支援団体のリーダーであるジョーが語っていた言葉が心に残った。「失聴はハンデではない。そして治すものでもない。」憐れみ目で見ること自体が差別である事を思い知らされる。団体が運営する学校では、耳の不自由な子供たちも教師も笑顔で日々を送っていて、ヘレンケラーの名言「不便だが不幸ではない」を思い起こさせる。

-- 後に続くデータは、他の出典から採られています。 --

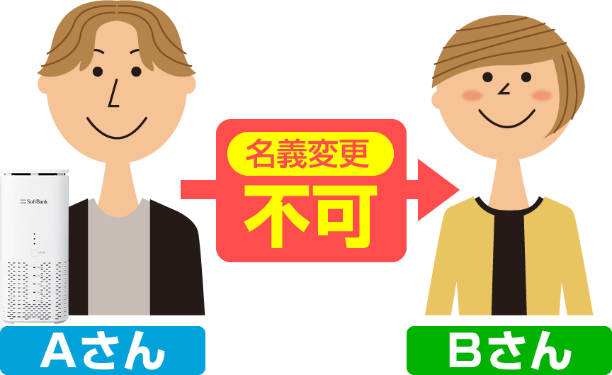 例えば、上記イラストのようにソフトバンクエアーの契約者である「Aさん」から「Bさん」へ名義変更(譲渡)することはいかなる理由であっても一切認められていません。
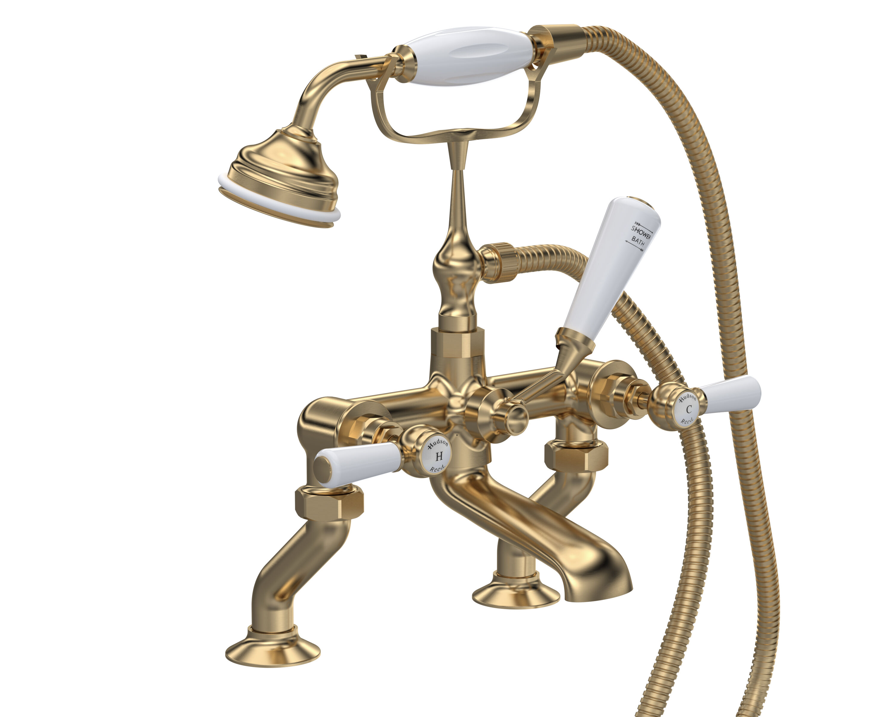 Old London White Topaz With Lever Handle Bath Shower Mixer - Brushed Brass / White
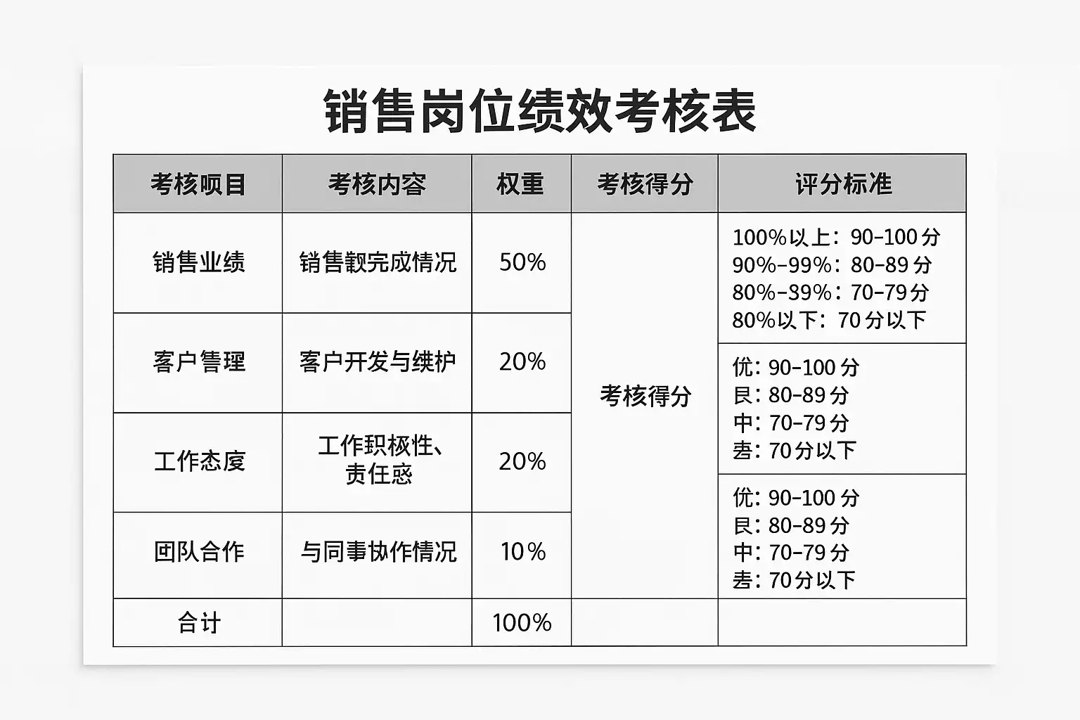 销售岗位绩效考核表详解,如何提高团队业绩?

ルーベンのその後の物語は想像するしかないが、コミュニティで得た経験をもとに聴覚障害者が体感できる音楽を作っていくのだと思う。
ドラマティックな受容プロセス
認知症や障害、もしくは余命宣告を受けた人(そして時にはその家族も)がたどる心理的なプロセスは、概ね否認→混乱→努力→受容となるようだ(プロセスの区分はいろいろある)。私も母が認知症になったとき、同じような思いをした。自分が障害を持つことになったら受容までにかなり時間がかかるんじゃないかと想像してしまう。ましてやバンドのドラマーとして活動していた人が聴覚を失うなんて、そのショックは想像以上だろう。

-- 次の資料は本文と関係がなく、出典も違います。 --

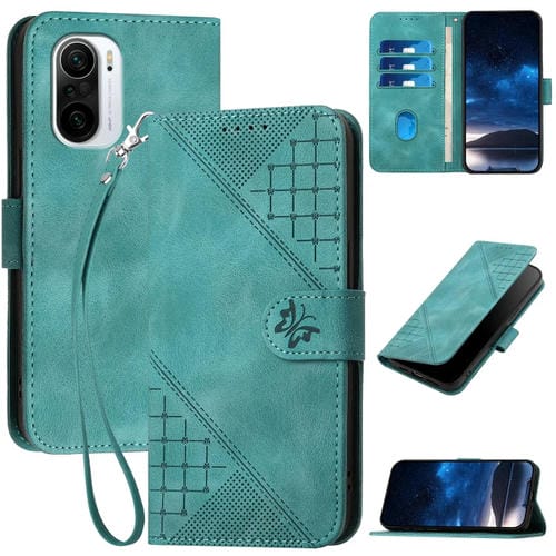 Funda de Cuero con Tapa y Cordón para Xiaomi Poco F3 Yx0080 con Diseño de Mariposa En Relieve y Cuadrícula (Azul Claro)
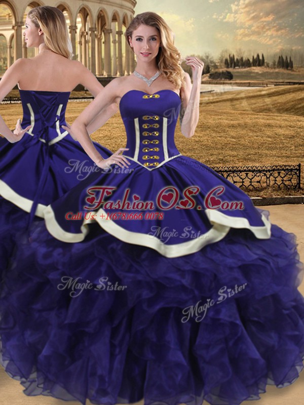 Modern Purple Ball Gowns Sweetheart Sleeveless Satin Floor Length Lace Up Beading and Ruffles Quinceanera Gowns
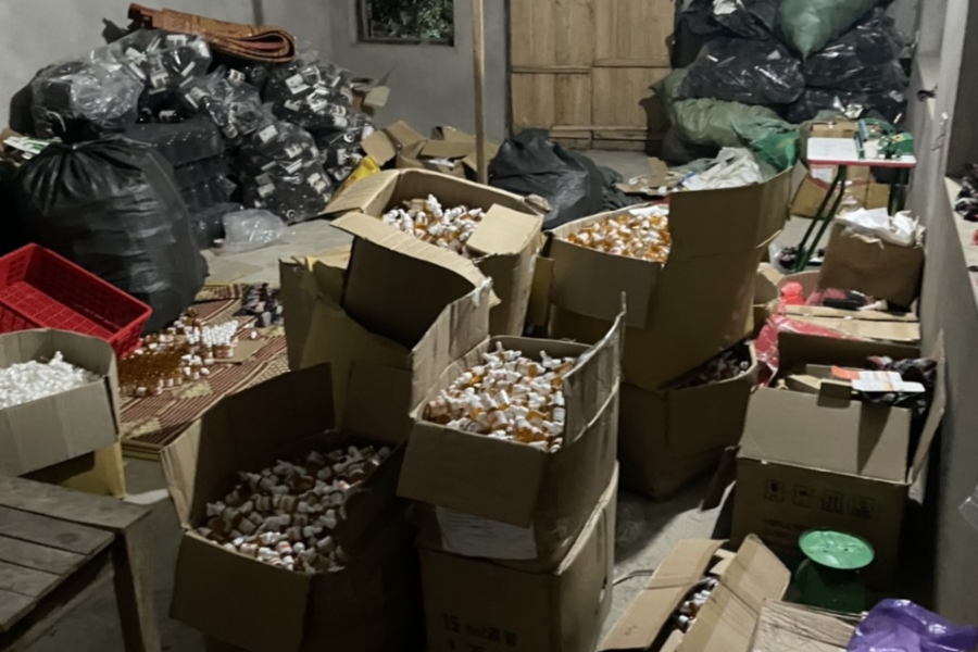Qua kiểm tra, lực lượng chức năng phát hiện tại kho hàng đang chứa số lượng lớn sản phẩm đã được chiết, rót vào các chai mang nhãn hiệu Coco Chanel. Ngoài ra, tại địa điểm này cũng phát hiện số lượng lớn sản phẩm mang nhãn hiệu Collagen X 12 Olive, Pink Lady Shower...

聴覚障害者を支援する施設で生活するようになったルーベンが、徐々に皆を受け入れ交流していく過程、特に静寂の部屋でノートに向き合うルーベンの変化がとてもよかった。実際にこんなセラピーもあるのかもしれない。
でも映画だからここで終わるわけがない。ルーベンが手に入れたかったのは元の自分と元の生活。やはりそれを取り戻そうとしてしまうのだろうか。ガン患者とその家族が怪しい民間療法にすがる姿とダブってしまい切ない気持ちになった。そしてインプラント手術で手に入れた機械仕掛けの音たち。聞こえたのは美しかった世界の物音ではなく、歪んだエフェクトのかかったノイズでしかなかった。最後、イヤホンをはずしたルーベンの表情はまさに「受容」。元の静寂の世界に戻る彼の姿はとても穏やかで美しかった。
まさにフクロウみたい
私は、聴力を失った男性が、元には戻れず、
彼女とも別れ、インプラントの手術をしたものの結局は聞こえない世界で生きる姿に、元には戻れなかったと悲しくなりました。
しかし、一緒に見ていた人は、
最後彼が晴れ晴れした顔をしていた姿から、再び歩き出す印象を受けたそうでした。
自分の感じたことは否定しませんが、
私は自分の視点(もし自分なら)で、
彼がかわいそうだ。と思いながら見ていたが、友人は彼の視点で映画を体験していたのだなと思った。
彼のフクロウのような
何か薬をやっていた、やっていそうな
顔つきからだんだん変わる演技がすごいなと思いました。
また、映画館でオデッサという?すごいところで見ましたが、
逆に音が大きすぎて、耳が痛くなってしまいました。
それでも、聞こえなくなる時
正常に聞こえている時
静寂
その違いがよく分かり、帰り道では耳をいろいろな音に傾けたくなりました。
自分が、当たり前に聞こえていることに感謝です。
静寂は自分を包み込んで許してくれる。
人にそれを求めるのじゃなくて、
周りの静寂は、いつでも私を許してくれているのだということに気づきました。
文句なし!胸にズサリきた映画
我々が日々あたり前に聞こえている音が突然聞こえなくなった時人生はどうなるか。改めて考えさせられた映画だった。ドラマーのルーベンが突然難聴になり恋人のルーに難聴者コミュニティに釣れていかれたがコミュニティの人々と過ごしながら現実を受け入れることに苦労しながらも徐々にコミュニティに馴染みながら自分の人生を前に進めていく決断を描いたストーリーは胸にズシッときたし考えさせられた。人生の挫折、再生の描き方は文句なし。今年のベスト洋画候補。ぜひおすすめしたい。アマゾンプライムの配信映画も侮れない。